The Upper West Regional Controller of the West African Examinations Council (WAEC), Donald Tuor, has expressed concern about the involvement of teachers and supervisors in examination malpractice in the ongoing Basic Education Certificate Examination (BECE).
He said the teachers aided the candidates to cheat in the examination by solving the questions and placing them in examination halls or pre-arranged places for the candidates to pick up.
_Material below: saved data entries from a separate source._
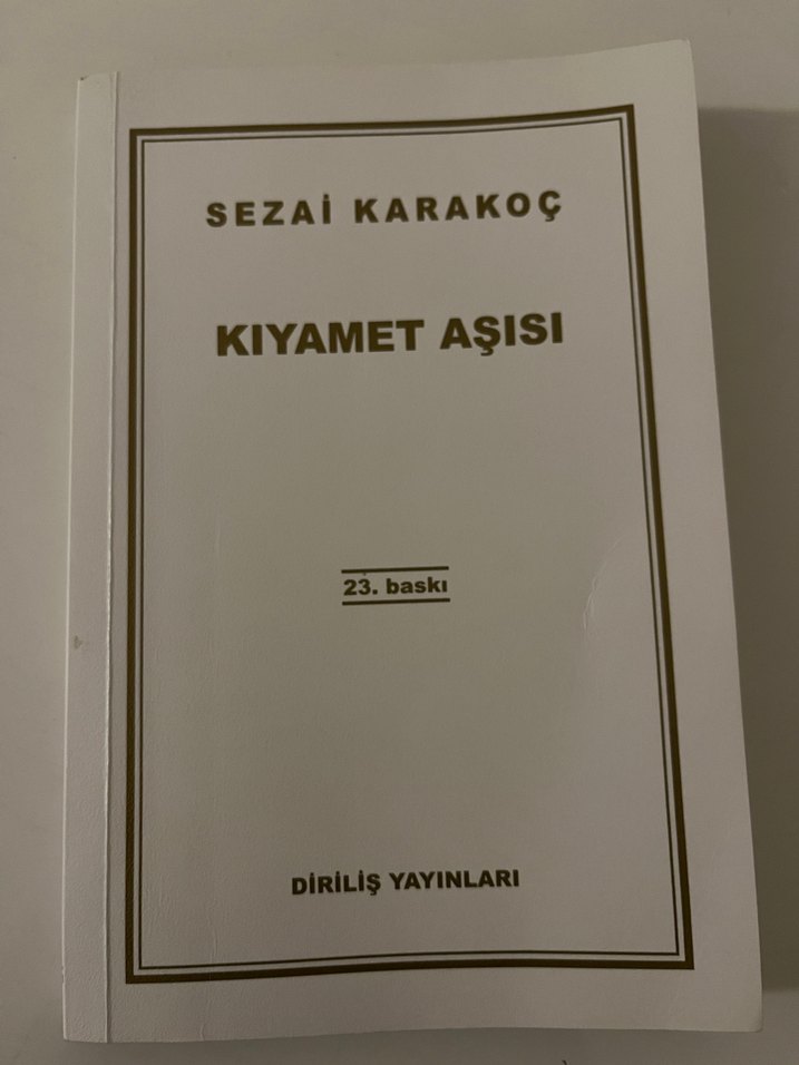 Sezai Karakoç'un 23. baskı "Kıyamet Aşısı" şiir kitabı, Diriliş Yayınları tarafından yayımlanmıştır. Kitap iyi durumdadır. İki sayfa fosforlu kalem işareti vardır.
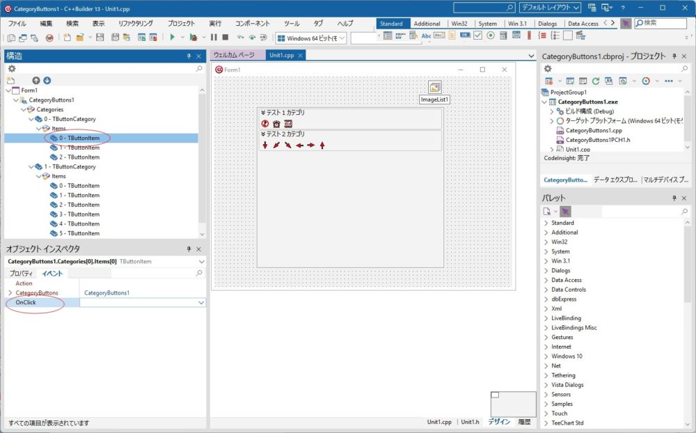 CategoryButtons1コンポーネントの「OnButtonClicked」は、ボタンがクリックされた時に発生します。どのボタンが押されたかは引数の ButtonItem で判別します。
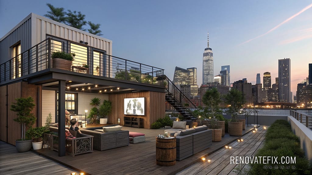 Lower section converts into outdoor cinema space with retractable projector screen and tiered seating, surrounded by container gardens full of herbs and vegetables.
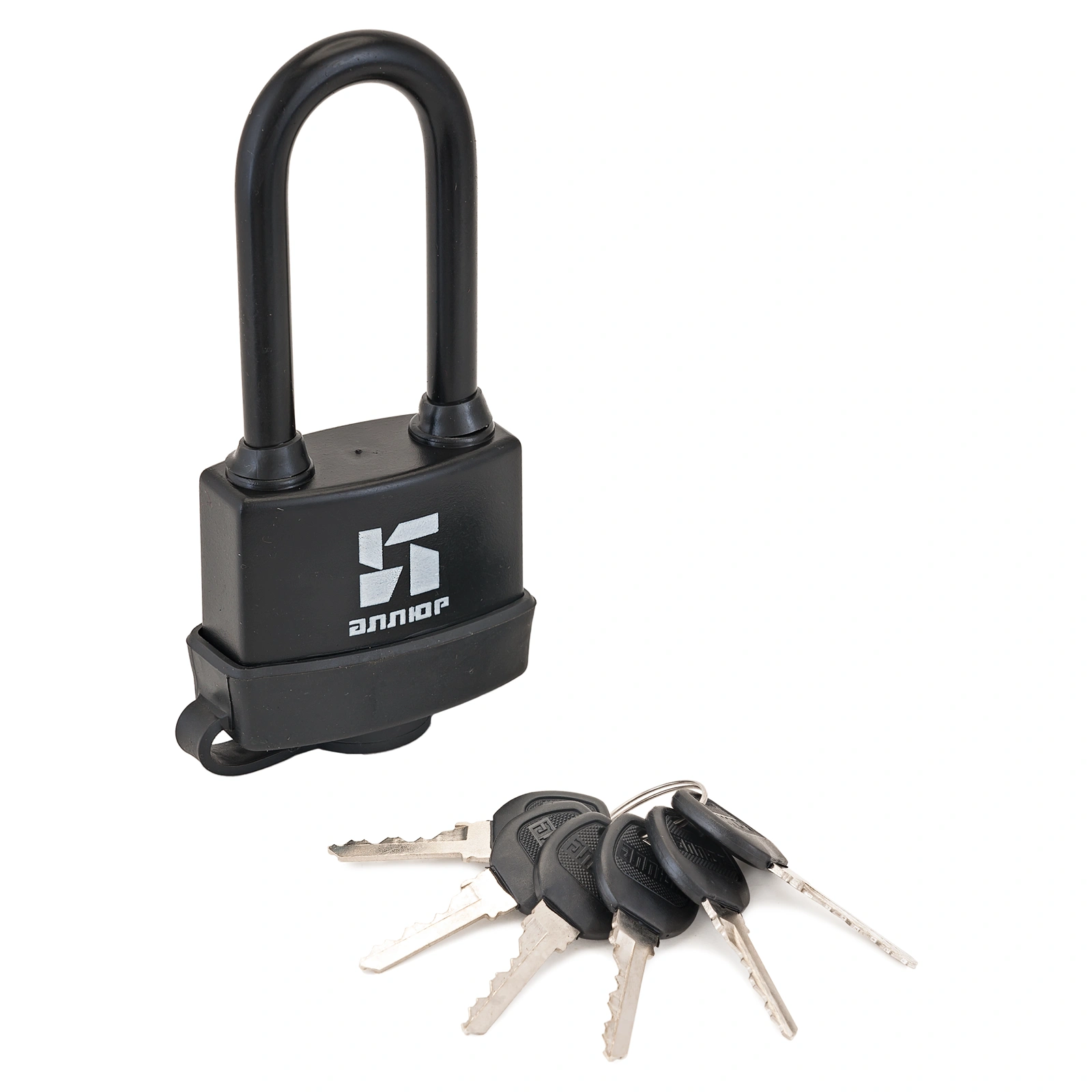 Замок навесной, всепогодный, с одним секретом и длинной дужкой.
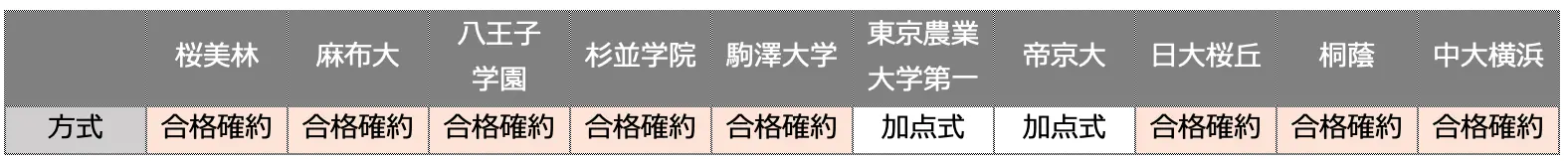 東京農業大学第一高等学校、帝京大学高等学校は加点式です。
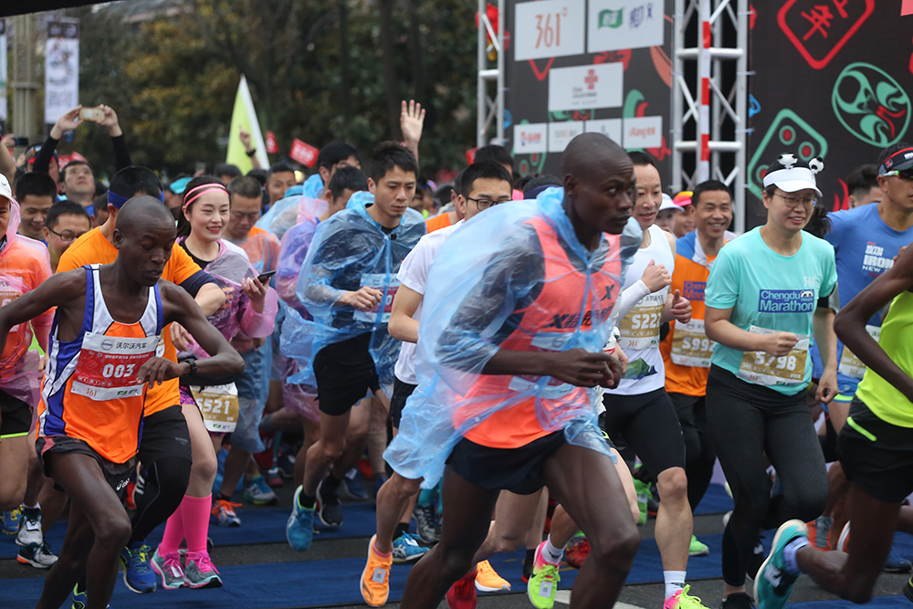 本屆賽事起點位于鳳凰體育場,途經(jīng)宣化門、熊貓谷和都江堰市人民政府傾力打造的天府綠道、環(huán)山旅游線(熊貓綠道),馬拉松終點為“世界文化遺產(chǎn)”青城山。來自29個國家和地區(qū)的3萬名跑者踏上最美賽道,起跑前他們高聲齊唱《歌唱祖國》和《我和我的祖國》,現(xiàn)場氣氛十分燃!天下著小雨,跑馬人熱情不減。今年是成都雙遺馬拉松連續(xù)開跑第五年,五年奔跑歷程,今年的成都雙遺馬拉松更別具意義。

The WAEC Regional Controller stated that some candidates had been caught with foreign materials in their possession, while others had exchanged their question papers.
In an interview with the Daily Graphic, Mr Tuor said: “The teachers would hide in bushes, solve the questions, drop them in the examination halls for the candidates or place them in toilets for the candidates to go for them.”
He said because the candidates had already been informed by the teachers about where to find the solved questions, “the candidates also know when and where to go for them.”
Mr Tuor stated that many of the supervisors and invigilators had been compromised and were assisting the candidates in cheating, which he found rather unfortunate.
Usually, he said, when candidates were found with foreign materials or to be cheating, they were made to fill a form to confirm that they were caught in the infraction and witnessed by the supervisor, after which they were allowed to continue to write the rest of the papers.
For the teachers, he said their names had been submitted to the Director-General of the Ghana Education Service (GES) to deal with them.
On the whole, Mr Tuor said the examination was going on smoothly with the exception of pockets of cheating and swapping of question papers.
He said last Friday, there was a bee invasion of Wa School for the Deaf, where two candidates were stung and rushed to hospital.
He said one of the victims, a girl, was detained and was unable to write the second paper for the day but the boy was treated and discharged.